Section 1.2 Practice Gateway Exam 2
The use of a calculator or any computer algebra system is not permitted on this test. No partial credit is available. A score of at least 7 correct is required to pass this gateway.
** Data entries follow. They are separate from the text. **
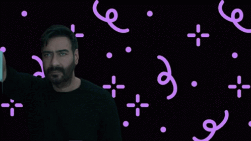 Ajay Devgun in a promotional video for Applause Entertainment, with blue graphics.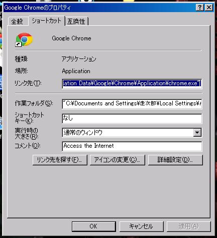 そんなときはChromeのショートカットを右クリック⇒プロパティでも確認できる。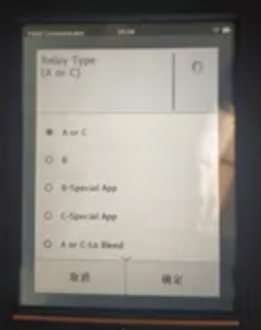 7、 Relay Type(A orC),选择AorC点确定按钮,到下一菜单,选择Travel contro行程控制,点确定按钮。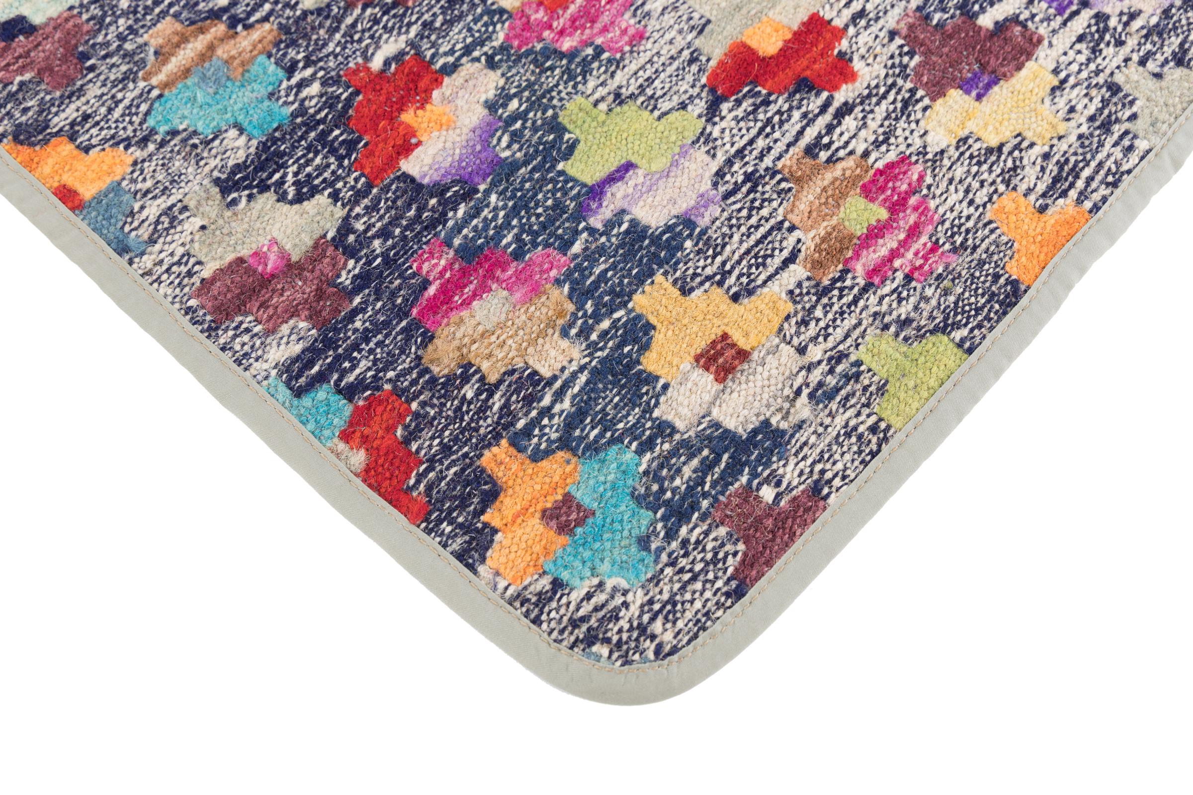 This handwoven Kilim Afghan is a wonderful and unique piece of art. Hard to believe that these modern colours and patterns have already been used centuries ago. This carpet has been woven by hand in old tradition in Afghanistan. It delivers a portion of contemporary history, which you won't find in this specific design a second time. It consists of high-grade natural wool and gives your home a personalised touch.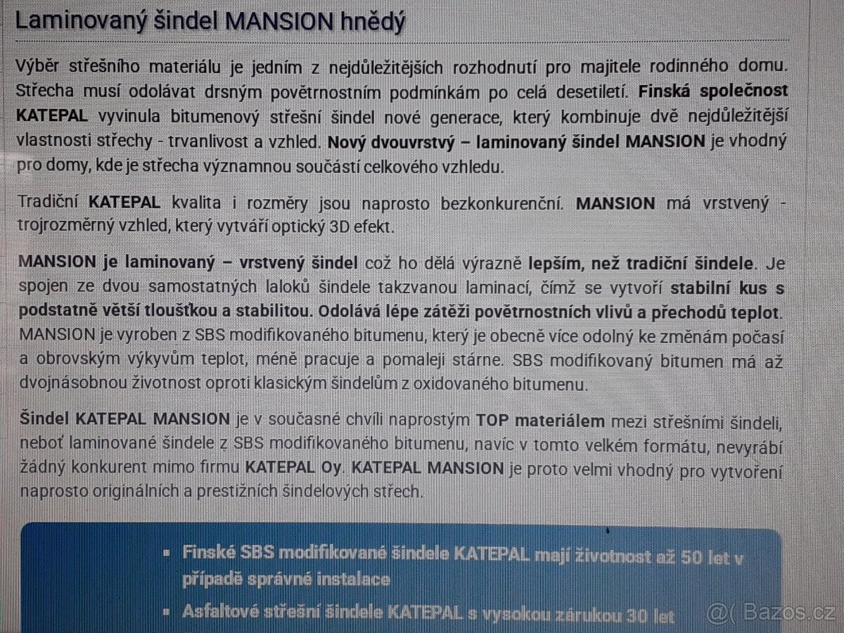 Dobrý den zbylo mě že střechy 15 balíku šindelel 24 m2 Katepal Mansion hnědý.A 3 krabice pozinkovanych hřebíků po 2,5kg.Na pergolu nebo garáž by to někomu stačilo. ŠINDEL 475 KČ m2 ,HŘEBÍKY 1kg 100 kč .Pdkladová fólie pás LiteBase 500 pod šindel 9.m .1m za 100 kč.

Find the derivative of each of the following functions:
Exercises Exercises
1.
\(f(x) = x^{16} + 2x + \dfrac{1}{x^4}-8e^2\)
Solution.
\begin{align*}
f'(x) \amp = \frac{d}{dx}\left[ x^{16} +2x +x^{-4} -8e^2\right]\\
\amp = 16x^{15} + 2 -4x^{-5}
\end{align*}
2.
\(y = (3x+\sin(x))e^{2x}\)
Solution.
\begin{align*}
\frac{dy}{dx} \amp = (3x+\sin(x))\frac{d}{dx}[e^{2x}] + e^{2x} \frac{d}{dx}[3x+\sin(x)]\\
\amp = (3x+\sin(x))\cdot e^{2x} \cdot 2 + e^{2x}(3+\cos(x))
\end{align*}
3.
\(r(x) = \ln(\cos(x)) + \ln(e^x)\)
Solution.
\begin{align*}
r'(x) \amp = \frac{d}{dx}[\ln(\cos(x)) + x]\\
\amp = \frac{1}{\cos(x)}\cdot \frac{d}{dx}[\cos(x)]+1\\
\amp = \frac{1}{\cos(x)} \cdot(-\sin(x))+1
\end{align*}
4.
\(f(t) = \arctan(t^2)\)
Solution.
\begin{align*}
f'(t) \amp = \frac{1}{1+(t^2)^2} \cdot \frac{d}{dt}[t^2]\\
\amp = \frac{2t}{1+t^4}
\end{align*}
5.
\(f(t) = \dfrac{t^2+2}{\sqrt{t}}\)
Solution.
\begin{align*}
f'(t) \amp = \frac{d}{dt} \left[\frac{t^2}{\sqrt{t}} + \frac{2}{\sqrt{t}} \right]\\
\amp = \frac{d}{dt} \left[ t^{3/2} + 2t^{-1/2}\right]\\
\amp = \frac{3}{2}t^{1/2} + 2 \cdot \frac{-1}{2}t^{-3/2}\\
\amp = \frac{3}{2}t^{1/2} -t^{-3/2}
\end{align*}
6.
\(g(x) = (e^x+12x)^{12}\)
Solution.
\begin{align*}
g'(x) \amp = 12(e^x + 12x)^{11}\cdot \frac{d}{dx} [e^x + 12x]\\
\amp = 12(e^x + 12x)^{11} \cdot(e^x+12)
\end{align*}
7.
\(h(t) = \cos^2(3t+5)\)
Solution.
\begin{align*}
h'(t) \amp = \frac{d}{dt}[ (\cos(3t+5))^2]\\
\amp = 2\cos(3t+5) \cdot \frac{d}{dt}[ \cos(3t+5)]\\
\amp = 2\cos(3t+5) \cdot (-\sin(3t+5))\cdot 3
\end{align*}
8.
\(h(x) = 3^x \tan(x)\)
Solution.
\begin{align*}
h'(x) \amp = 3^x \cdot \frac{d}{dx}[\tan(x)] + \tan(x) \cdot \frac{d}{dx}[3^x]\\
\amp = 3^x \cdot \sec^2(x) + \tan(x) \cdot \ln(3) \cdot 3^x
\end{align*}